3.1 CMM separation performance through practically applicable adsorbents

Adsorption separation exploits differential equilibrium adsorption capacities of gas components on porous materials to achieve selective separation. PSA regenerates adsorbents by modulating pressure, offering rapid cycling and low energy consumption (0.5–1 kWh per kg CH₄ for 15% CH₄ enrichment). In contrast, Temperature Swing Adsorption (TSA) employs thermal desorption, suited for low-concentration impurity removal (5–20% CH₄ enrichment) at higher energy costs (2.7–12.8 kWh per kg CH₄).^137,138

The Skarstrom cycle (two-bed, two-step configuration) established continuous PSA operation,¹³⁹ enhanced separation through pressure equalization steps, laying the groundwork for Vacuum PSA (VPSA).¹⁴⁰ UOP's five-bed PSA system using activated carbon achieved 96.4% CH₄ purity (70% feed) with 85% recovery.¹⁴¹ The subsequent three-bed PSA units improved nitrogen rejection from natural gas (30% N₂ feed) via optimized cycle timing.¹⁴² Yang et al.^143,144 demonstrated 90% CH₄ purity (85% feed) using titanium silicate/mg-clinoptilolite in a six-step PSA cycle. Olajossy's activated carbon system elevated CH₄ purity from 55.2% to 98% with 91% recovery.¹⁴⁵ Delgado's simulated two-bed PSA enriched an 85% CH₄ feed to 96% purity (74% recovery, 0.048 kg CH₄/kg adsorbent).¹⁴⁶ A three-bed PSA system was simulated based on silicalite adsorbent with 50 vol% CH₄, showing high purity (96.3%) and recovery (95.6%), but lower energy consumption (0.140 kWh per kg CH₄).¹⁴⁷ Zhang's VPSA system processed 25% CH₄ feed (65% N₂, 10% O₂) to 50.4% purity with 86.3% recovery at 0.25 kWh per kg CH₄ energy consumption.¹⁴⁸ Deng's two-bed, six-step PSA using silicalite-1 (Fig. 16a) achieved 50.5% CH₄ purity (20% feed) with 84.4% recovery, demonstrating the critical role of pressure equalization in enhancing purity with low energy consumption (0.1667 kWh per kg CH₄) (Fig. 16b–f).²²

Fig. 16 (a) Cycle steps and bed sequence for the two-bed VPSA process. (b) Bed pressure profiles according to the different steps. CH₄ purity and recovery on different cyclic steps for two different CH₄ ratios: (c) 20% CH₄/80% CH₄ and (d) different cyclic steps, such as pressure equalization. (e) Purity and recovery of CH₄ from a 30% mixture at different flow rates and (f) different cyclic steps, with the addition of pressurized equalization.²² This figure has been adapted/reproduced from ref. 22 with permission from Elsevier, copyright 2020.
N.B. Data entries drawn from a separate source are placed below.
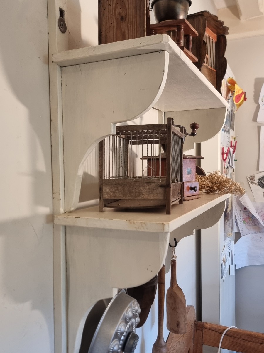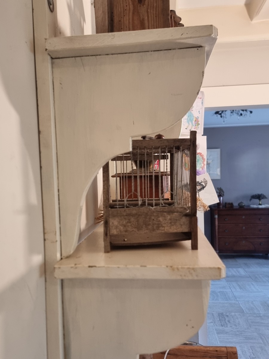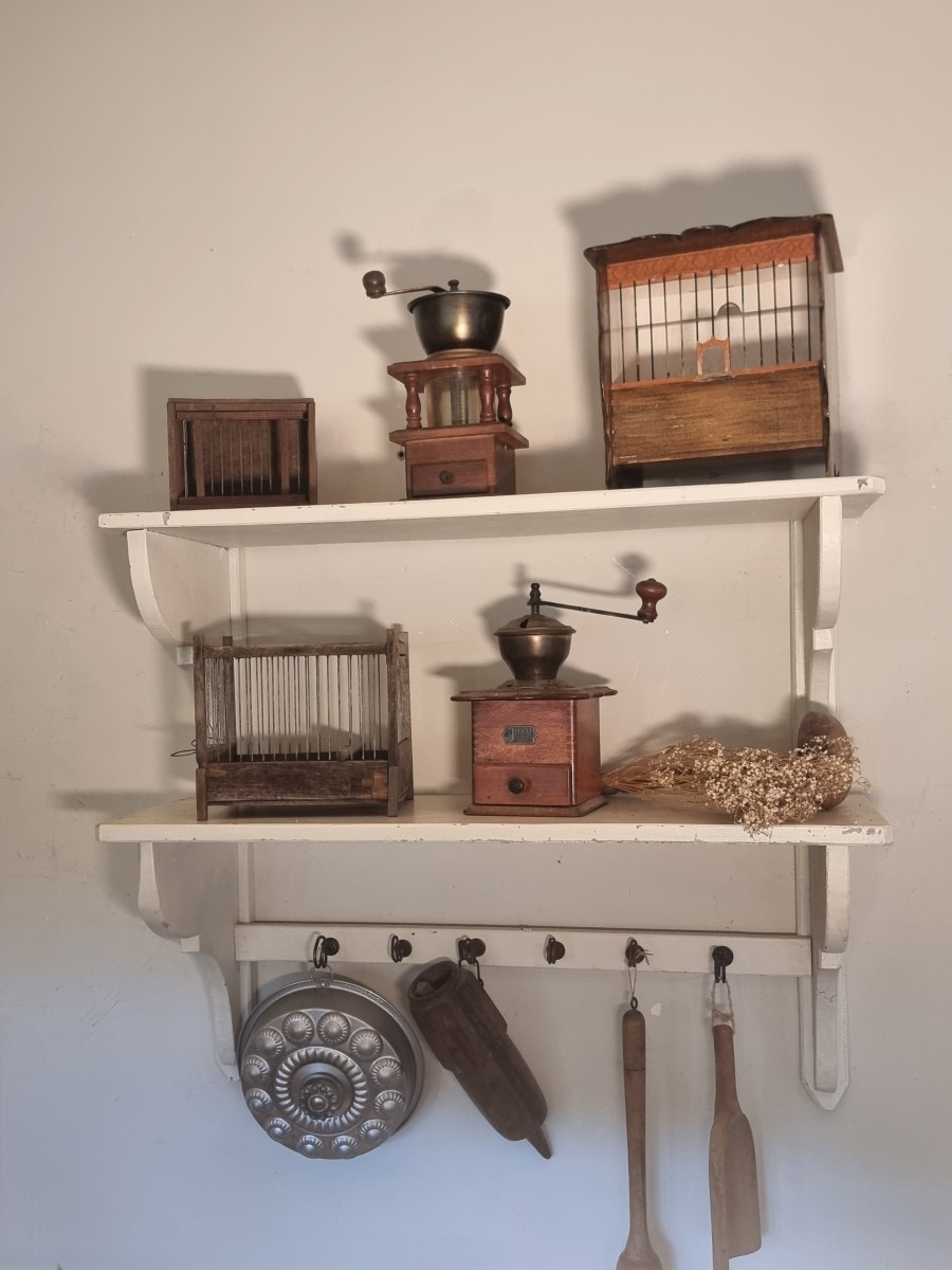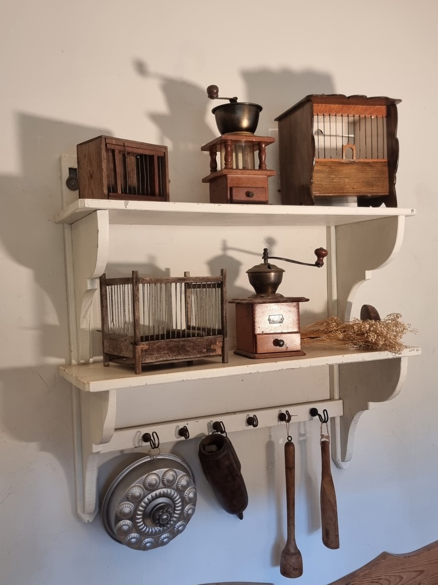 Prachtig brocant wit regaal/keukenrek in landelijke stijl. Het rek is stevig, sierlijk afgewerkt en perfect om sfeer toe te voegen aan je keuken, woonkamer of hal. Ideaal voor het uitstallen van servies, kruidenpotjes, decoratie of andere mooie vondsten.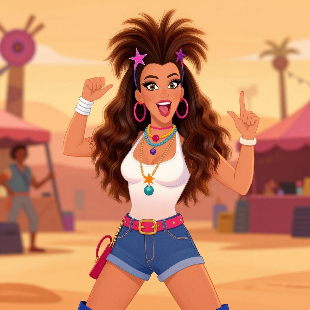 Digital cartoon of a vibrant, tan-skinned woman with voluminous brown hair, wearing a white tank top, blue shorts, jewelry, and star hair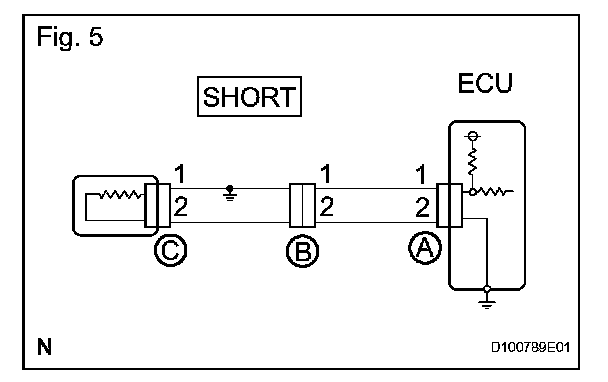CHECK FOR SHORT CIRCUITa. If the wire harness is ground shorted (Fig. 5), locate the section by conducting a resistance check with the body ground (below).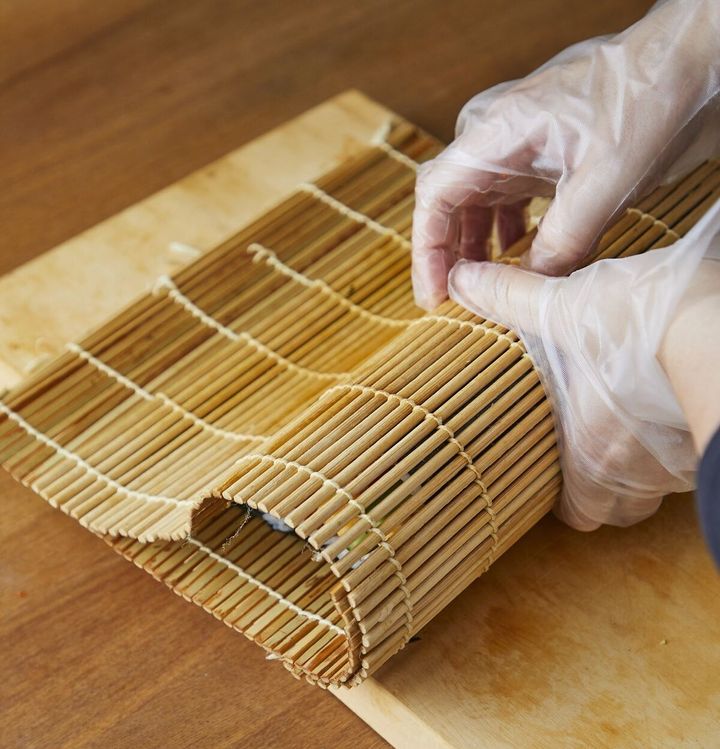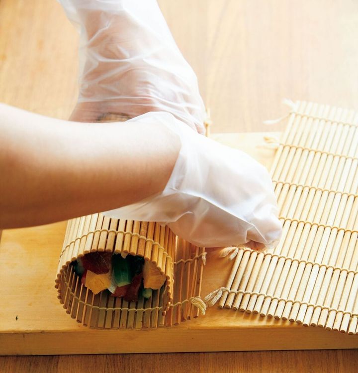 すしめしが手にくっつくときは、エンボスタイプの使い捨て手袋がおすすめ。 または、指先を手酢(水10:酢1程度の割合で混ぜる)でぬらすとすしめしが広げやすい。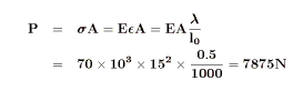 一辺 15mm の正方形断面を持ち、長さが 1mm のアルミの角棒を引張ったところ、 0.5mm 伸びた。この棒のヤング率 E=70GPa とした時、この棒に加えられている荷重はいくらか?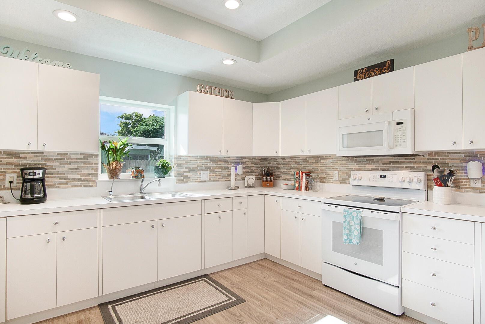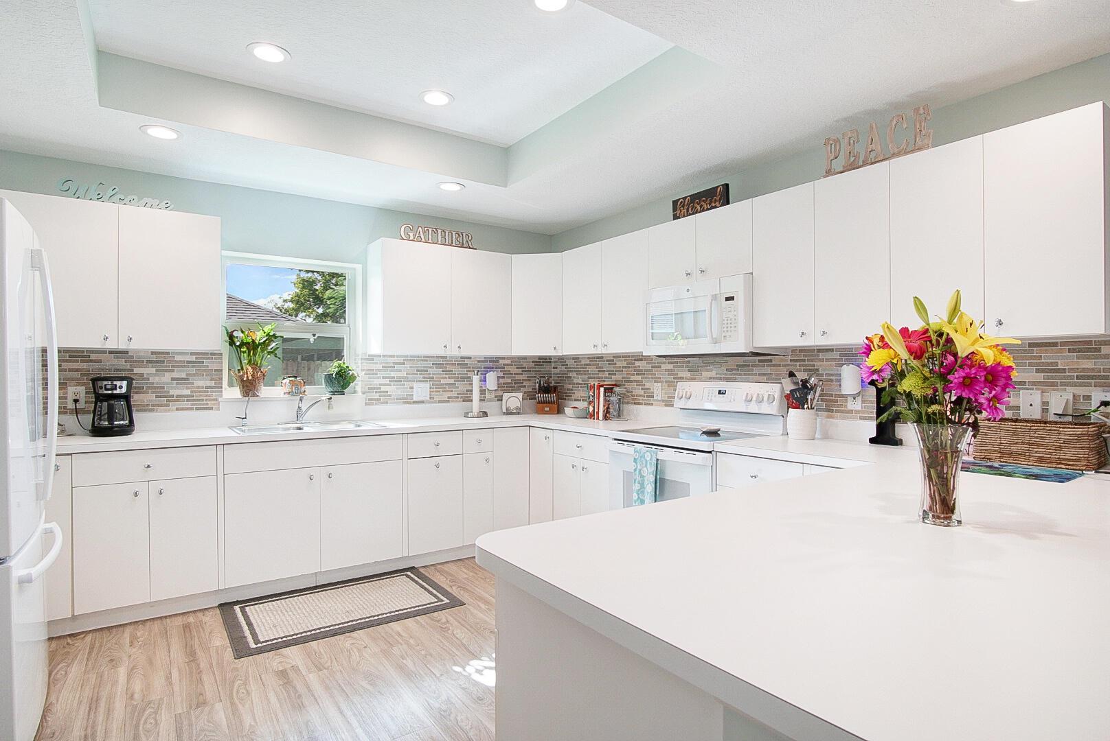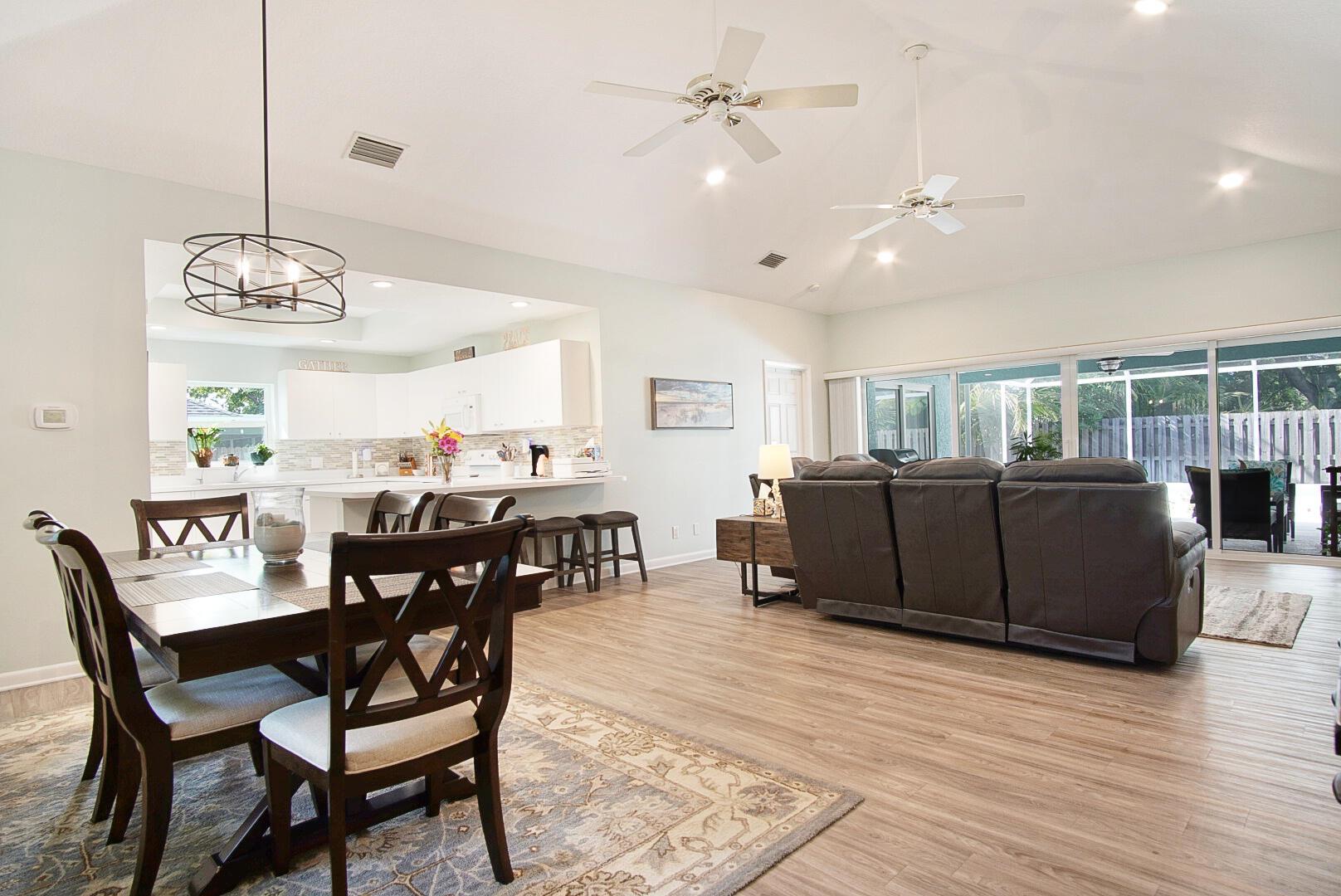 Super Clean, partially upgraded 3/3/2 home in deisrable Zeus Park neighborhood just 1-1/2 miles to beach. Vaulted ceilings, overhead lighting, lots of windows and wall to wall sliders opening to outside covered patio, expand the living space. The home boasts 2 Master Suites, vinyl flooring, lots of cabinets and prep space in white kitchen with Breakfast Bar, 2022 Bottom Freezer Refrigerator, 2024 Washer / Dryer, w/warranties, 2025 New Hurricane Impact Windows/Sliders, 2025 R38 Insulation added. Move-In ready!! Residents of this area can walk/bike to beach,restaurants, shops, parks and have many options for golf and boating. Residents have private boat ramp rights through the Hobe Sound Boat & Dock Assoc, public tennis, pickleball, racquetball, soccer & baseball fields. Florida living!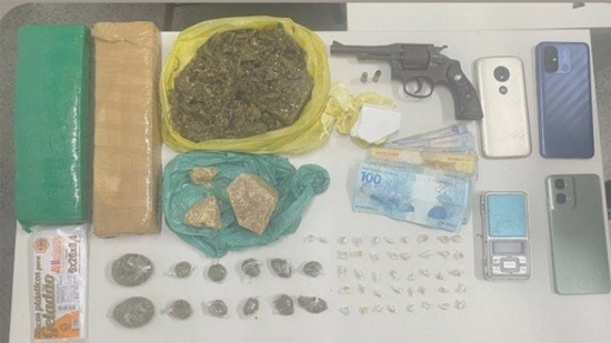 O suspeito, juntamente com todo o material apreendido, foi encaminhado ao Complexo Policial para as providências cabíveis. Entre os itens recolhidos estavam um revólver Taurus calibre .32, munições, porções de maconha, crack e cocaína, além de dinheiro em espécie, balança de precisão e aparelhos celulares.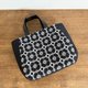 這是一款使用 mina perhonen 的「anemone」布料(深藍 × 白色)製作的手工包。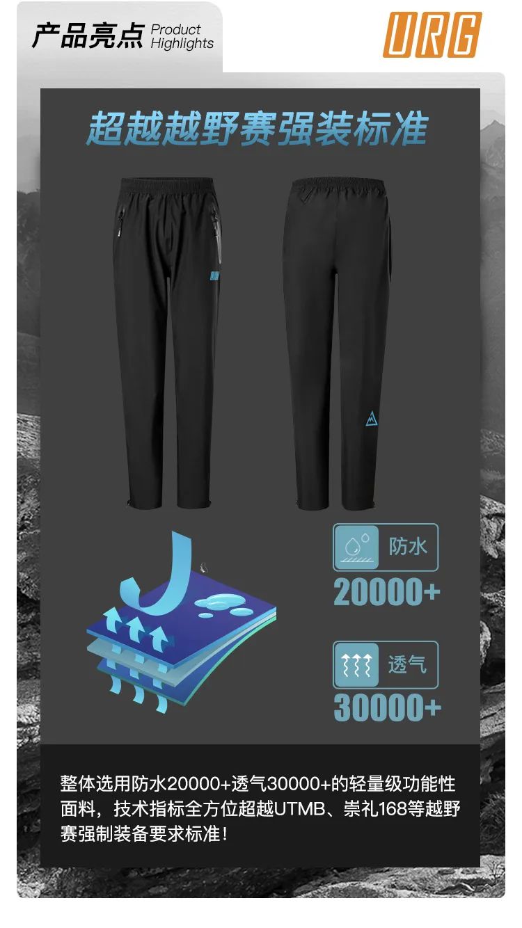 URG品牌首次推出全侧开越野冲锋裤,专为越野跑打造,可于狂暴风雨环境下持久穿着,保持身体干爽!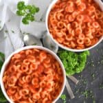Store-bought, canned, o-shaped pasta in tomato sauce was a favourite meal of every kid in the 80s and 90s. Homemade Copycat Spaghettios allows you to enjoy your favourite childhood pasta without all of the preservatives and additives. The sauce is so quick and easy to make, and this dish comes together in the amount of time it takes to boil the pasta!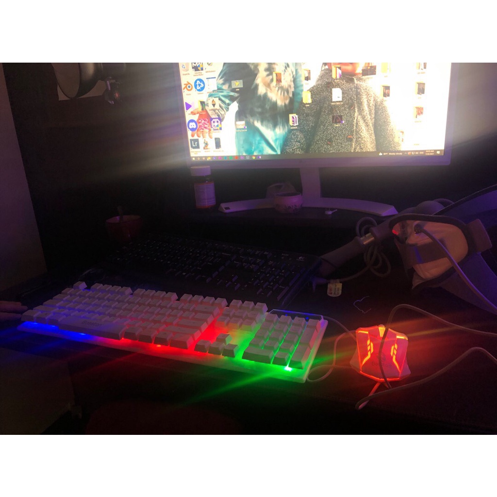 ộ bàn phím giả cơ,bàn phím máy tính bàn Bộ bàn phím giả cơ, bàn phím máy tính bàn với thiết kế đơn giản dễ xử dụng nhưng không mất đi sự tinh tế, góc cạnh Bàn phím máy tính bàn, phím nhạy và rất dễ sử dụng Bàn phím máy tính bàn, thiết kế hiện đại, kiểu dáng thời trang không cục mịch xấu xí như loại cổ điển. Có thể điều khiển tắt bật bàn phím led nhiều màu ấn tượng, ban đêm tắt điện vẫn sử dụng bàn phím bình thường. Nhẹ gọn, trọng lượng: 0.8kg Kích thước bàn phím: 44 x 12.7 x 3 (cm) Kích thước chuột: 12.6 x 7 x 3.4 (cm) Cổng kết nối: usb Loại kết nối: Có dây Chất liệu vỏ: Nhựa ABS bền Sản phẩm bộ bàn phím giả cơ có đèn led sử dụng máy tính để bàn máy tính xách tay gia đình văn phòng Lưu ý dành cho khách quý khách hàng: Bật / tắt đèn led: Bấm phím scroll lock trên bàn phím Đèn led bàn phím không nhấp nháy, chỉ có chế độ bật led hoặc không led Chuột led đổi màu, không tắt được đèn led chuột. ===================== Sản phẩm bao gồm: ---------- • Một bàn phím mới (theo màu bạn đã chọn) • Một chuột mới đi kèm - Tên hàng hóa : Bàn phím máy tính - Xuất xứ : Sản xuất tại Trung Quốc #ban#phim#co#gia#may#tinh#ban#re#bluetooth#chuot#led#khong#day#dell#laptop#combo#roi#day#gaming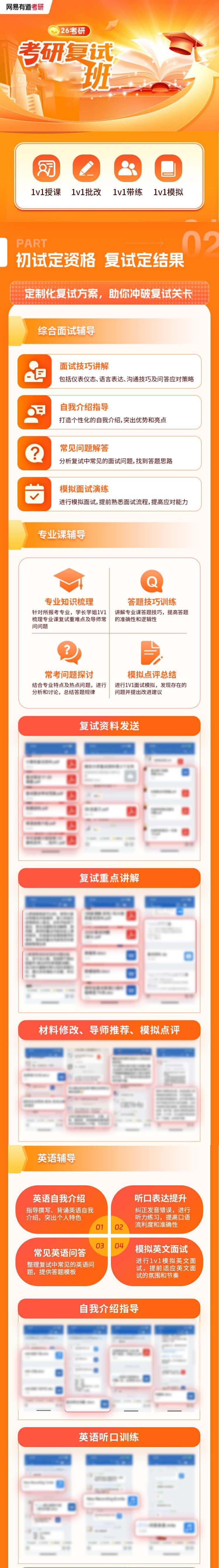 核心特色:依托有道考研团队丰富的复试辅导经验,打造全流程体系,涵盖复试礼仪、专业问答、综合面试、调剂指导等核心模块,摒弃冗余内容,针对性解决复试备考痛点;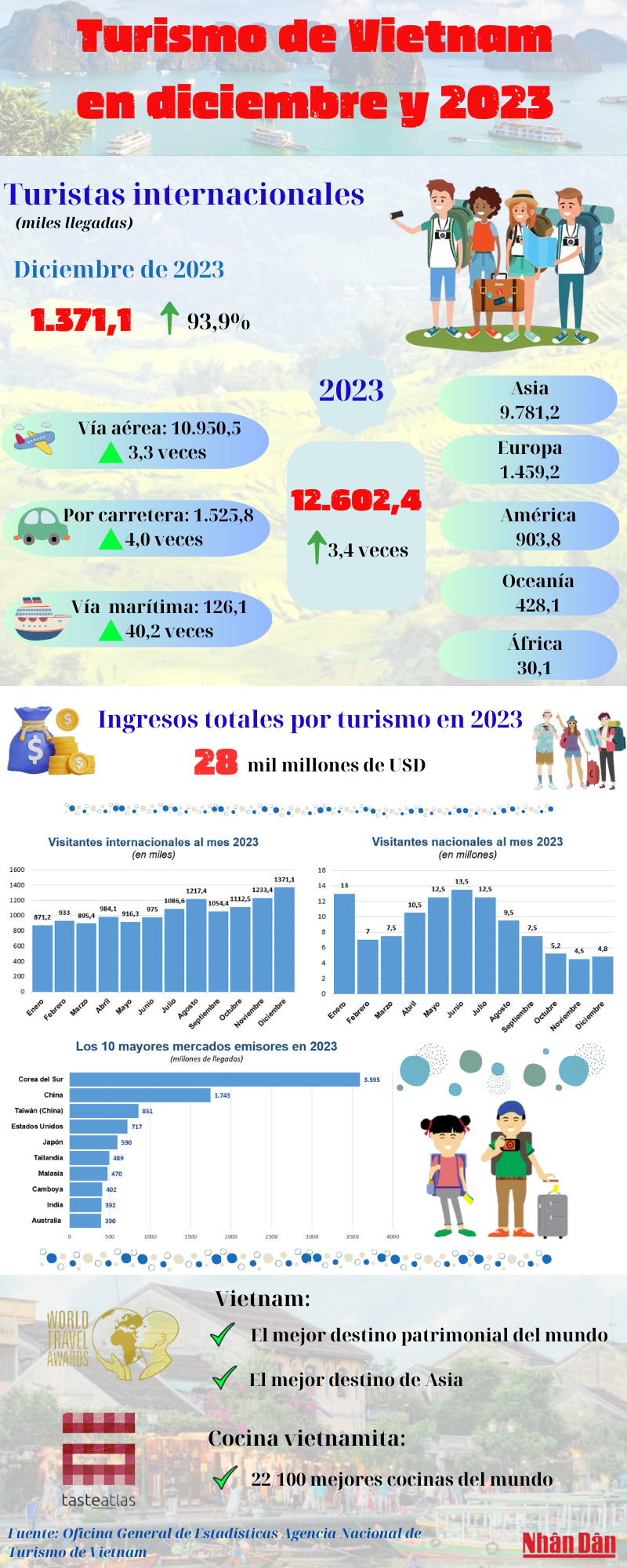 En 2023, la industria turística de Vietnam atendió a 12,6 millones de visitantes internacionales, superando en un 57 por ciento el objetivo original y alcanzando la meta fijada de 12 a 13 millones. Los turistas nacionales alcanzaron los 108 millones, superando el plan en un 6 por ciento. Los ingresos totales por turismo se estiman en 28 mil millones de dólares, superando el plan en un 4,3 por ciento.

The two-bed VPSA system with a six-step cyclic configuration (Fig. 17a) demonstrates enhanced CH₄ purity (40–45%) at 2 L min⁻¹ flow rates for 20–35% feed concentrations. Janfang et al.¹⁴⁹ pioneered skid-mounted two-bed VPSA prototypes for coal mine applications, achieving CH₄ enrichment from 16–30% to 43.3–70.7% using TUTJ-1 zeolite, with a peak productivity of 43.6 m³ (kg h)⁻¹, albeit with high energy consumption (1.393 kWh per kg CH₄). While MOFs exhibit high CH₄ capacities, their industrial deployment remains limited by moderate selectivity (<8) and concentration ratios. Dual Reflux VSA (DR-VSA) employing ionic liquid zeolites (ILZ) attained 80.2% CH₄ purity and 95.5% recovery from 20% feed gas, albeit with elevated energy demand (3.13 kWh per kg CH₄).¹⁵⁰ A dual-stage VPSA process using activated carbon adsorbent resulted in 90% CH₄ purity and 98% recovery from a 20% feed. The results also show that process energy consumption at lower adsorption pressure using an improved adsorbent was more energy-efficient, only 0.704 kWh per kg CH₄.¹⁵¹ Based on the measured equilibrium and kinetic parameters, PSASIM® simulations of [Ni₃(HCOO)₆] MOF-based dual PSA yielded 96% purity (50/50 CH₄/N₂ feed) with 1.7 × 10⁻⁴ mol (kg s)⁻¹ productivity and 1.111 kWh per kg CH₄ thermal energy.¹⁵² Comparative studies of 4-column VSA configurations have revealed that pressure equalization and purge optimization have a critical impact on product purity and recovery in activated carbon systems.¹⁵³ Recent four-bed VPSA trials with [Cu(INA)₂] MOF (Fig. 17a) employed LDF-modeled breakthrough curves to optimize mass transfer coefficients and operational parameters, including input gas flow rate, adsorption period, pressure, and evacuation pressure. Under the optimal operational conditions, 90% CH₄ recovery with 50% purity was achieved with low energy consumption (0.861 kWh per kg CH₄), as shown in Fig. 17b–f.²⁴ These advances highlight the critical interplay between adsorbent properties (activated carbons, zeolites, molecular sieves and MOFs) and process engineering in CMM enrichment.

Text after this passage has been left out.